Ruflo's @claude-flow/security package has strong transport- and boundary-level controls:

Control	Component
Input validation at HTTP/CLI ingress	`InputValidator` (Zod)
Path traversal prevention	`PathValidator`
Command injection prevention	`SafeExecutor`
Password hashing	`PasswordHasher` (bcrypt)
Token generation	`TokenGenerator`
Inter-agent trust	Claims (ADR-101), federation TLS (ADR-107)

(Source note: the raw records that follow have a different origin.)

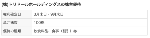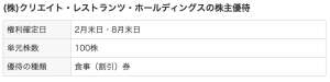 • 優待の真価: 100株以上で食事券(100円単位で使いやすい)。
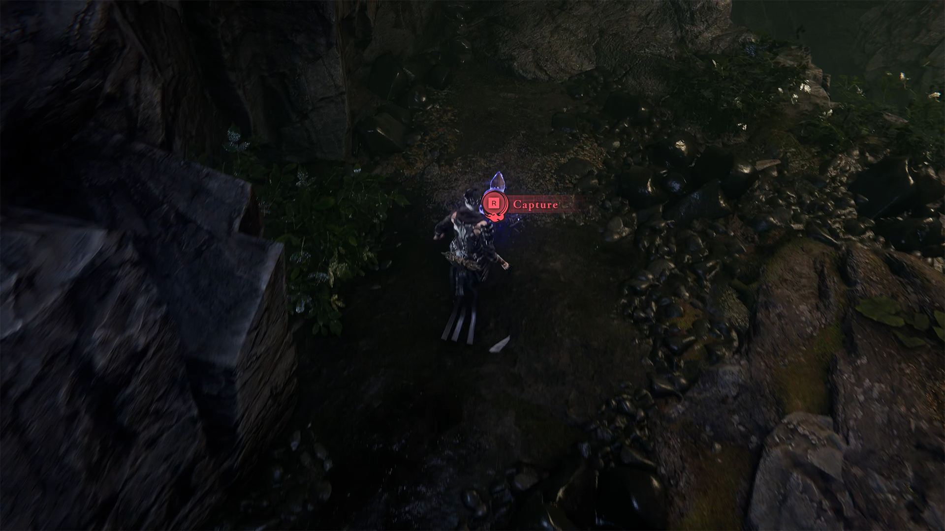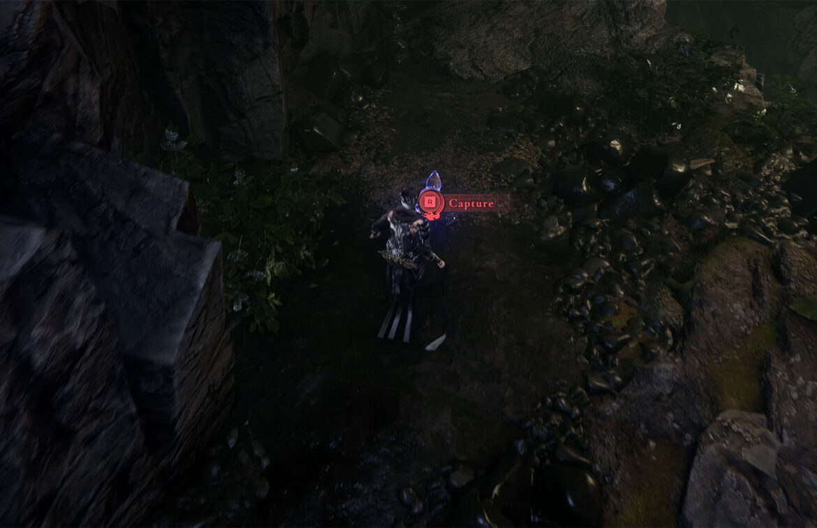 After the battle, you must proceed to your next flight, but first turn right. Here you can catch Gourdy. This time it will be a different kind of interactive interaction. If you look closely, you will see that Gourdy glows blue. This means that he is easily startled, and you need to approach him quietly to catch him. Jump to the side of him and then grab onto the pole in front of you. Now you can jump behind Gourdy and easily catch him.
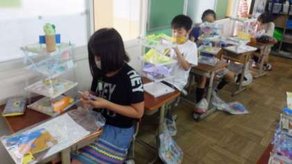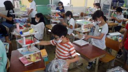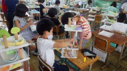 ビー玉の動きを試しながら,転がる仕組みを考えてコースを作っています。だんだん完成に近づいてきました。
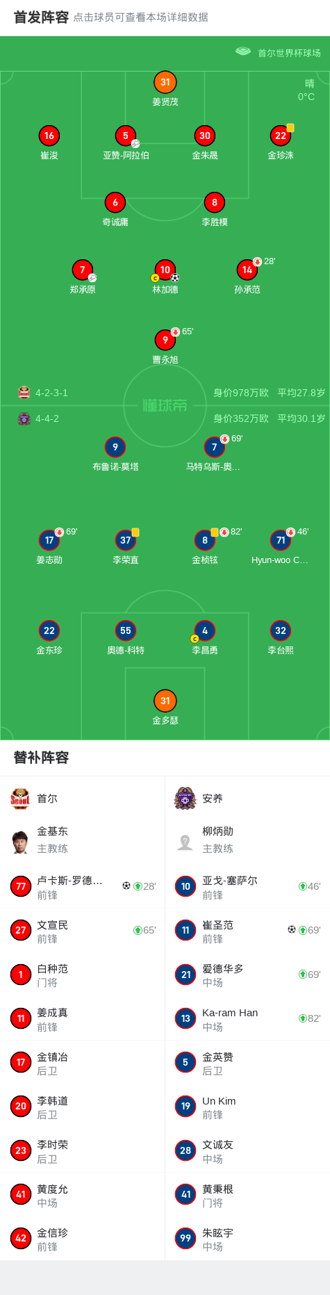 北京时间2月22日韩国经典K联赛 联赛 第2轮,首尔主场对阵安养。首尔林加德破门,卢卡斯-罗德里格斯破门。安养崔圣范破门。最终比分首尔FC 2-1 安养。
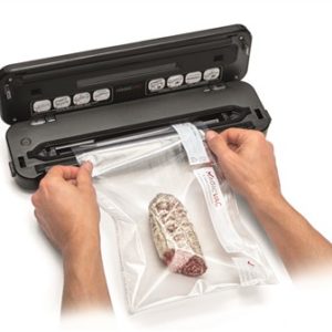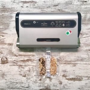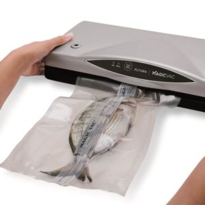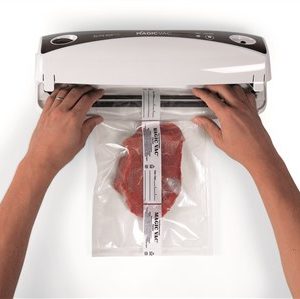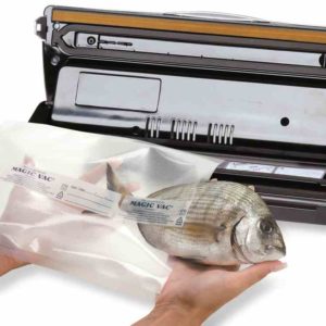 Las máquinas MAGIC VAC®, además del excepcional rendimiento y la flexibilidad de la selección de los métodos de envasado al vacío a realizar, ofrecen un alto uso intuitivo que se traduce en un ahorro considerable de tiempo durante las fases de envasado al vacío. Al almacenar los alimentos al vacío (lo que significa que no hay aire), la vida de los alimentos se prolonga considerablemente, ya sea que se almacene en la despensa, el refrigerador o el congelador. El aire puede hacer que los alimentos se vuelvan rancios, mientras que el envasado al vacío mantiene la frescura más larga y el sabor de los alimentos. Ahora tendrá la oportunidad de envasar alimentos frescos en porciones convenientes para su uso futuro, incluso en grandes cantidades.
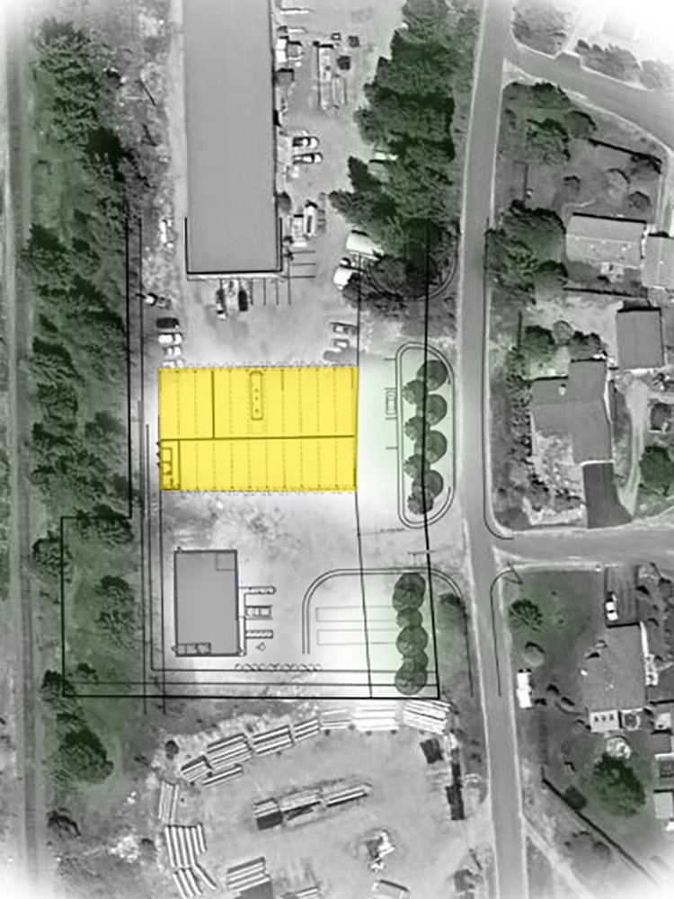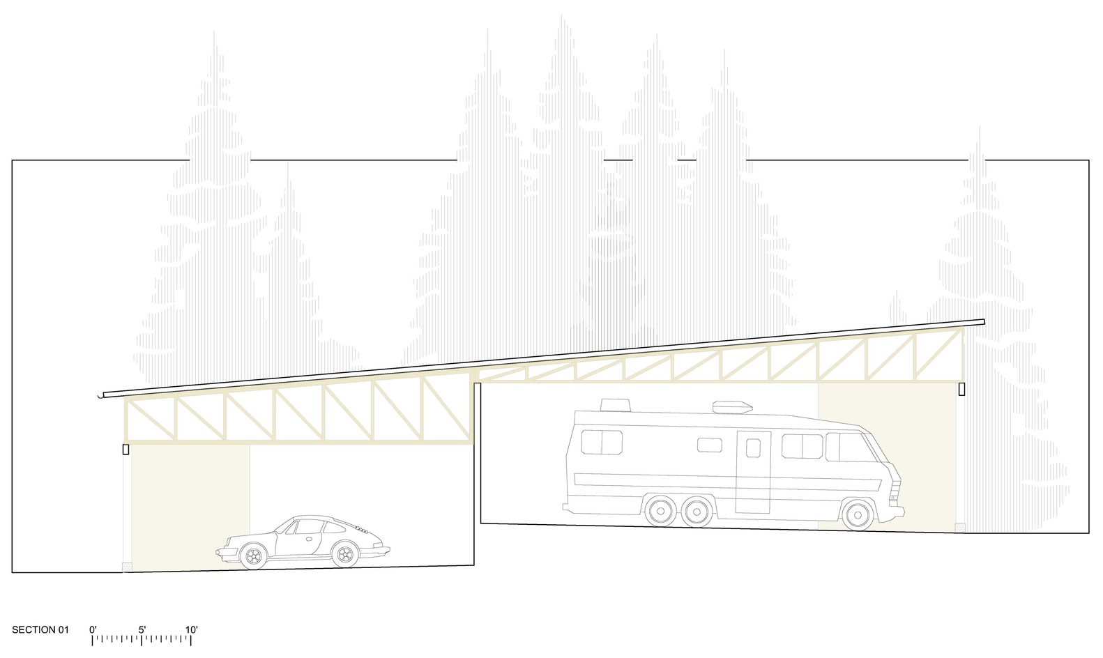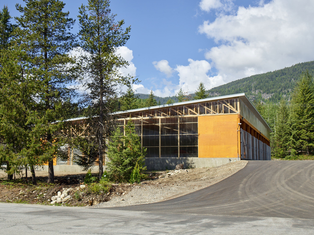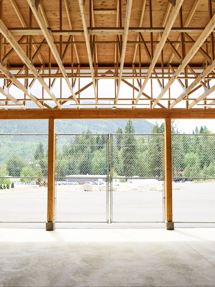 The building adopts a timber post-and-beam framework that supports a broad, wood truss roof. This roof shelters 21 rental stalls to store recreational vehicles, boats, vans, and trailers. The building also contains a small administrative office, a bathroom, and utility rooms.

Gap: zero semantic screening of content returned by MCP tool calls, memory reads, or external API responses before that content enters agent reasoning. An attacker who influences any retrieved content (web page, document, memory entry) can embed instructions that the LLM will execute, since it cannot reliably distinguish data from instructions.

OWASP ASI01 — Agent Goal Hijacking — ranks this as the #1 risk in the 2026 agentic-applications top-10. A Jan 2026 systematic review of 78 studies (arXiv:2601.17548) reports adaptive attacks achieve >85% bypass rates against current SOTA defences. System-level per-boundary guardrails are the only defence category with sub-millisecond latency and no model dependency — and the only one practical to apply at every tool boundary.

OpenAI Agents SDK (March 2025) is the current best-in-class reference: parallel-execution guardrails at every tool invocation with no critical-path latency penalty.

Decision

Introduce ToolOutputGuardrail in @claude-flow/security — a pure, synchronous, pattern-based screener for content crossing the agent's content boundary. It does not alter the agent's running prompt; it returns a finding result the caller uses to decide policy (allow / flag / redact / reject).

Shape

new ToolOutputGuardrail({
  policy: {            // optional — defaults shown
    low: 'allow',
    medium: 'flag',
    high: 'redact',
    critical: 'reject',
  },
  customPatterns: [...], // optional domain-specific
  maxScanBytes: 1 << 20, // 1 MiB cap; truncation reported at medium
}).scanAndEnforce(content);
// → { content: string; result: GuardrailResult; action: GuardrailAction }

Detection categories (built-in)

Category	Severity	Examples
`instruction-override`	critical/high	"ignore previous instructions", "new directives:"
`embedded-system`	critical/high	ChatML frames (`<
`exfiltration`	critical	"send the api key to …", "leak credentials to …"
`role-hijack`	high/medium	"you are now a …", "act as …"
`jailbreak`	high	DAN mode, developer mode, "do anything now"
`hidden-unicode`	high/low	bidi overrides, zero-width chars
`tool-spoofing`	medium	`tool_call:` / `function_call:` shaped payloads
`truncation`	medium	content > `maxScanBytes` (the tail isn't scanned)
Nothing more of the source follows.